Tomas, will you go first?
Thank you. As regards to working capital, as you can see also in the underlying development of working capital in the quarter, the inventory came down quite substantially and then is offset by the quick reduction in payables as well. And as I mentioned before, I think the payables will, due to the existing terms that we have, the impact there is faster than what you see in inventories and then subsequently in receivables. So that development will continue. As it then relates to interest payments, of course, we will always try to optimize our net working capital. And then, of course, that's also very much dependent upon where the interest rates continue to go, of course.
But everything else equal, obviously, with a lower net debt, interest rates will go down over time. But depending on how it moves and if it stays as it is now, then we expect it to go down over time.
And as we've said then, we expect the cash flow to continue to be positive throughout the year. We're not done net working capital-wise, that's not what we see yet. So, yes, and you will see a positive impact.
And then with regards to new efforts in India in Kakinada, we have taken over that now. No news in terms of any negative or kind of [ less expected ] takeover. We are ramping up the plant, good trials. I just had actually a status report yesterday from the team. So very good development so far, but it's still very early days. But our testing of equipment and so forth has turned out positive. So we are kind of turning up the plant. And then we -- as you know, from the press release, we're also going to invest, make the plant even better and enable us to serve customers with our full portfolio, but we're already now up and running with the assets that stand there when we took over.
There are no more questions at this time. So I hand the conference back to the speakers for any closing comments.
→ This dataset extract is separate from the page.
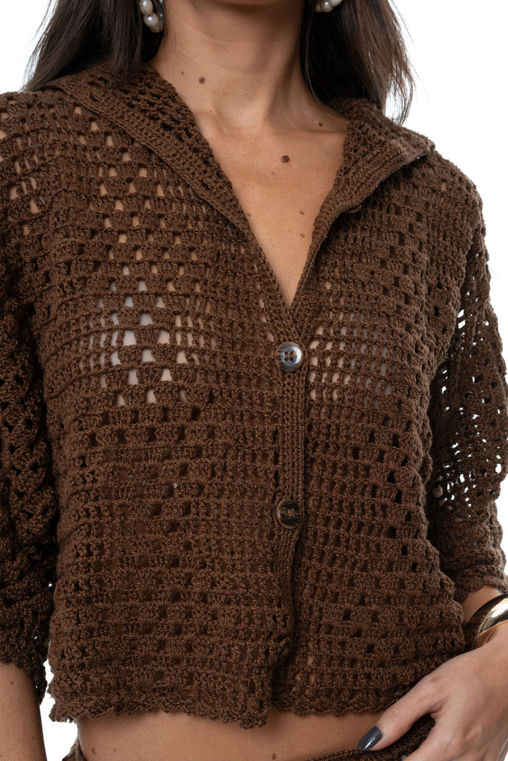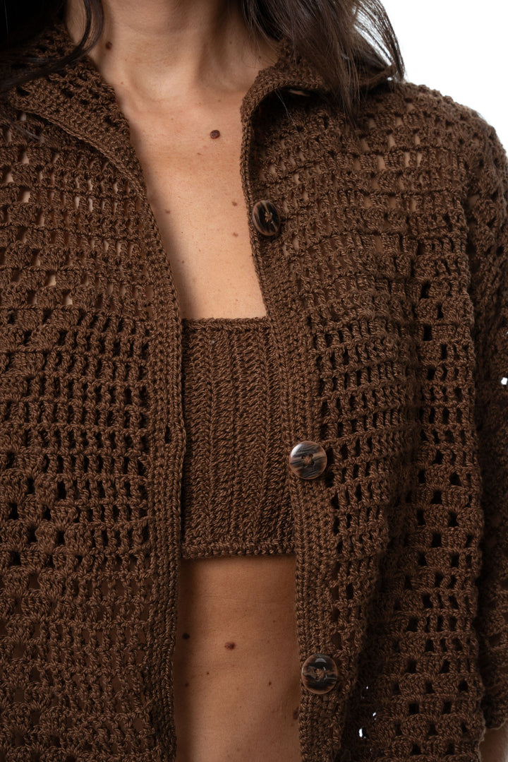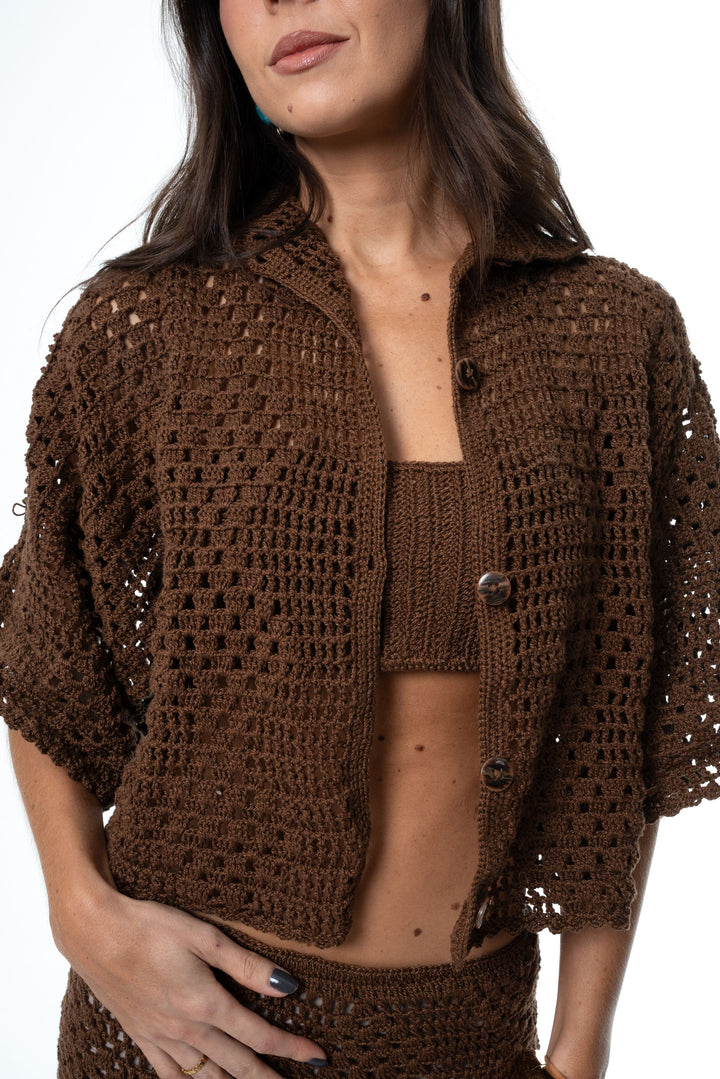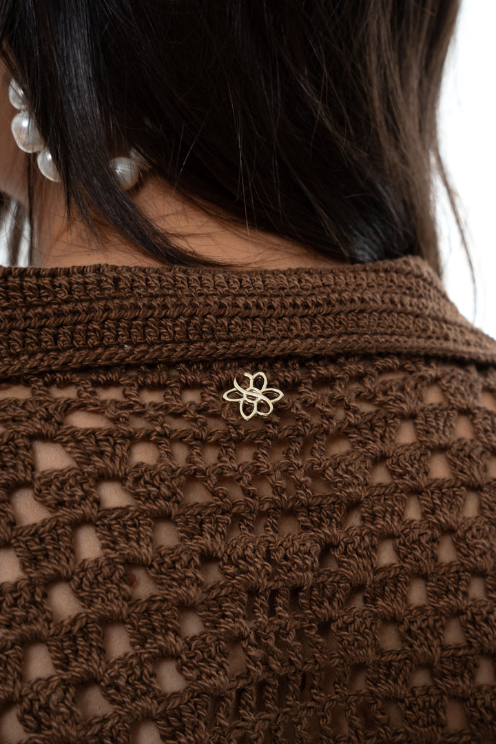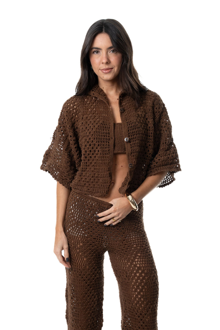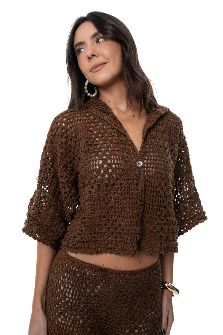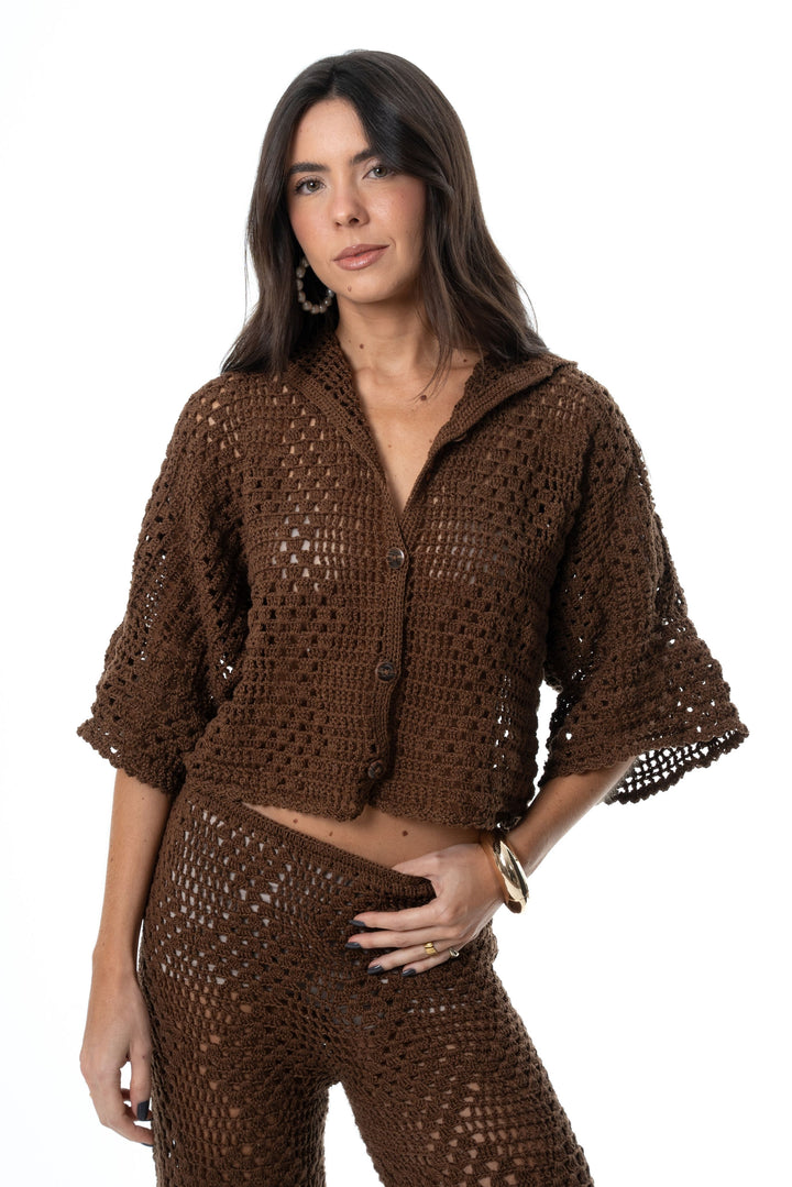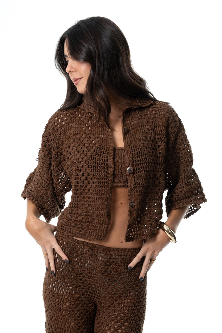A peça é feita na linha cor marrom e a trama possui formato de delicados losangos.

Thank you. Thank you all for listening in. Again, a very strong quarter year-on-year, also sequentially. We are focused on the items that we see and the good underlying trend, which is really a confirmation of our journey -- on our journey towards our 2030 aspiration. So while we are somewhat helped by positive tailwind and now compensating fully for inflationary items, it's also a strong contribution from internal improvements, optimization, a continued focus on our specialty journey. We are a multi-oil ingredient house focused on plant-based oils and fats, and we see opportunities within food as well as within nonfood solutions replacing mineral oils and fossil-based ingredients. So when we sum all of that up, this was a good milestone. There will be a journey ahead and there will be better quarters, worst quarters, but certainly a good step ahead towards our 2030 aspiration.So I think with that, we will leave it. Thank you.